### MATERIAL PROVIDED

_ _ _ _

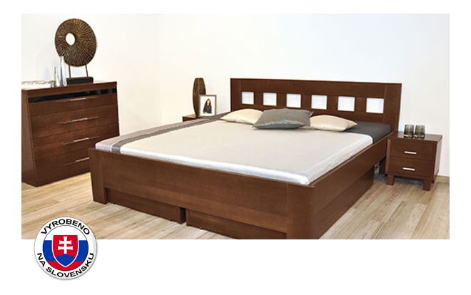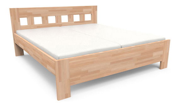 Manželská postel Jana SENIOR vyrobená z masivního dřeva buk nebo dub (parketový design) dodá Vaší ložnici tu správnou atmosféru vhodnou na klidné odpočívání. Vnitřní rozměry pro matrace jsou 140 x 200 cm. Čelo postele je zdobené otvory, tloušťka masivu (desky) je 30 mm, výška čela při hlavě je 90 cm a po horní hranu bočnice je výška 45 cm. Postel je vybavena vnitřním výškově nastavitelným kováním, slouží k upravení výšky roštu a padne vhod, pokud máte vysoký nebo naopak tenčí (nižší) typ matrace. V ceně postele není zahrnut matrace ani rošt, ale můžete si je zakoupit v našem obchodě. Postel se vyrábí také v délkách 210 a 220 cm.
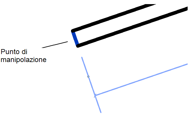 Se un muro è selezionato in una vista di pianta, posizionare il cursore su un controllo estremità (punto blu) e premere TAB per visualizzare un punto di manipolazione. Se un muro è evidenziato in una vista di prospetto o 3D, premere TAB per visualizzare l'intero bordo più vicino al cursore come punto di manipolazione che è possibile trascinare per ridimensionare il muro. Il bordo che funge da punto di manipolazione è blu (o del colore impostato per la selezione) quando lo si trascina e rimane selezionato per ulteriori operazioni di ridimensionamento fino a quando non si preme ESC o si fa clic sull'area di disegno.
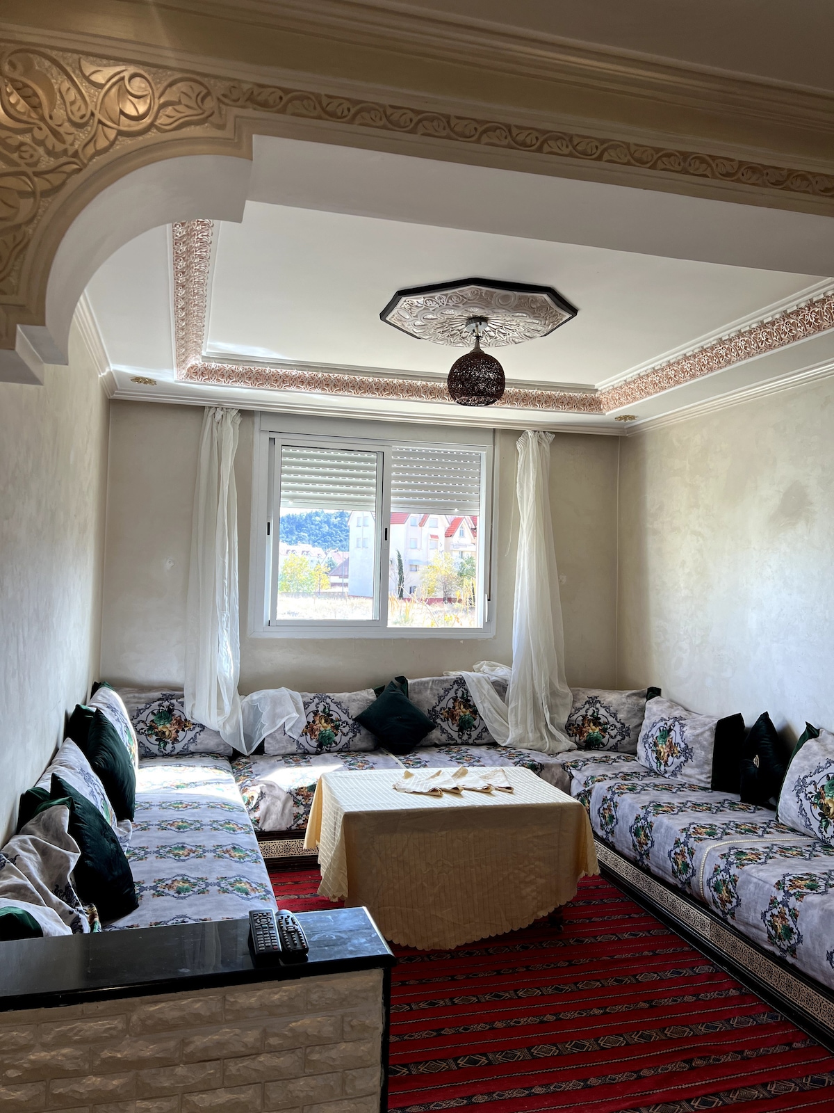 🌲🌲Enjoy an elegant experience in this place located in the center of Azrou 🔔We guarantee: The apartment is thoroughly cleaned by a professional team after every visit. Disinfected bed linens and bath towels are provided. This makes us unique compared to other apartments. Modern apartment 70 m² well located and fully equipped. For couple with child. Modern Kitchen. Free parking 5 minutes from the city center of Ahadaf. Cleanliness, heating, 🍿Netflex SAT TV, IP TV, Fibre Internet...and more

_ _ _ _

### WHAT IS EXPECTED
Copy the listing verbatim, omitting images.

### REPLY
 Manželská postel Jana SENIOR vyrobená z masivního dřeva buk nebo dub (parketový design) dodá Vaší ložnici tu správnou atmosféru vhodnou na klidné odpočívání. Vnitřní rozměry pro matrace jsou 140 x 200 cm. Čelo postele je zdobené otvory, tloušťka masivu (desky) je 30 mm, výška čela při hlavě je 90 cm a po horní hranu bočnice je výška 45 cm. Postel je vybavena vnitřním výškově nastavitelným kováním, slouží k upravení výšky roštu a padne vhod, pokud máte vysoký nebo naopak tenčí (nižší) typ matrace. V ceně postele není zahrnut matrace ani rošt, ale můžete si je zakoupit v našem obchodě. Postel se vyrábí také v délkách 210 a 220 cm.
 Se un muro è selezionato in una vista di pianta, posizionare il cursore su un controllo estremità (punto blu) e premere TAB per visualizzare un punto di manipolazione. Se un muro è evidenziato in una vista di prospetto o 3D, premere TAB per visualizzare l'intero bordo più vicino al cursore come punto di manipolazione che è possibile trascinare per ridimensionare il muro. Il bordo che funge da punto di manipolazione è blu (o del colore impostato per la selezione) quando lo si trascina e rimane selezionato per ulteriori operazioni di ridimensionamento fino a quando non si preme ESC o si fa clic sull'area di disegno.
 🌲🌲Enjoy an elegant experience in this place located in the center of Azrou 🔔We guarantee: The apartment is thoroughly cleaned by a professional team after every visit. Disinfected bed linens and bath towels are provided. This makes us unique compared to other apartments. Modern apartment 70 m² well located and fully equipped. For couple with child. Modern Kitchen. Free parking 5 minutes from the city center of Ahadaf. Cleanliness, heating, 🍿Netflex SAT TV, IP TV, Fibre Internet...and more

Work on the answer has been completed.